Mina Loy (1882 – 1966)
In 1921 Ezra Pound wrote to Marianne Moore: "... is there anyone in America except you, Bill [William Carlos Williams] and Mina Loy who can write anything of interest in verse?" But for decades, the avant-garde poet Mina Loy was virtually invisible next to many of her fellow modernists. While she makes colorful appearances in the biographies of many other writers and artists, including those of Djuna Barnes, Marcel Duchamp, Ernest Hemingway, James Joyce, Marianne Moore, and Gertrude Stein, Mina Loy had no biography of her own until 1996, when Becoming Modern: The Life of Mina Loy (by Carolyn Burke, Farrar, Straus & Giroux, 1996) was released along with a new edition of her poems, The Lost Lunar Baedeker.
Mina Loy was born in London on December 27, 1882. She attended a conservative art school and was influenced early on by Impressionism. She achieved some success as a painter, and her paintings were included in the prestigious Salon d'Automne show in Paris, 1905. After several years in the heart of Parisian literary and arts society, Loy moved to the United States in 1916, although her reputation preceded her.
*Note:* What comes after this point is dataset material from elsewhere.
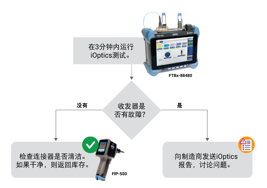 當(dāng)發(fā)現(xiàn)收發(fā)器有缺陷時(shí),iOptics 會(huì)生成一份詳細(xì)的報(bào)告,用于與收發(fā)器制造商和供應(yīng)商討論問題。另一方面,如果被測收發(fā)器狀況良好,則可檢查連接器的清潔度,然后將收發(fā)器歸還庫存,供今后使用,從而節(jié)省資金并減少環(huán)境浪費(fèi)。

While hailed as representing the New Woman and the last word in modern verse, Loy's poetry disturbed a few of her more conservative contemporaries. Marianne Moore found herself uneasy in Loy's company, and Amy Lowell was so incensed by the publication of Loy's "Love Songs" in Others magazine that she refused to submit any more work to the periodical. Conrad Aiken encouraged readers to "pass lightly over the . . . tentacular quiverings of Mina Loy," and John Collier cited Loy's verse as an example of "the need for objective standards." Still, Loy had many admirers, among them William Carlos Williams, Marcel Duchamp, and the members of the New York Dada group--including the poet/boxer Arthur Cravan, whom she married in 1918. In 1921, Pound extolled the virtues of her work to his closest friends, and in 1926, Yvor Winters compared her to Emily Dickinson.
Also an artist, Loy has been labelled a Futurist, Dadaist, Surrealist, feminist, conceptualist, modernist, and post-modernist. Experimenting with media in her artwork, she moved from oil to ink by World War I, then lighting fixtures in the late 1920s, and finally to sculptures featuring items collected from the streets and garbage cans of Manhattan. She allied herself with her visual art more than her writing, claiming at the end of her life that she "never was a poet."
Loy became reclusive in her later years, and lacked any interest in building a reputation for herself. Mina Loy died September 29, 1966, in Aspen, Colorado, leaving behind an unfinished biography of Isadora Duncan and an unpublished collection of poems she had written during the 1940s.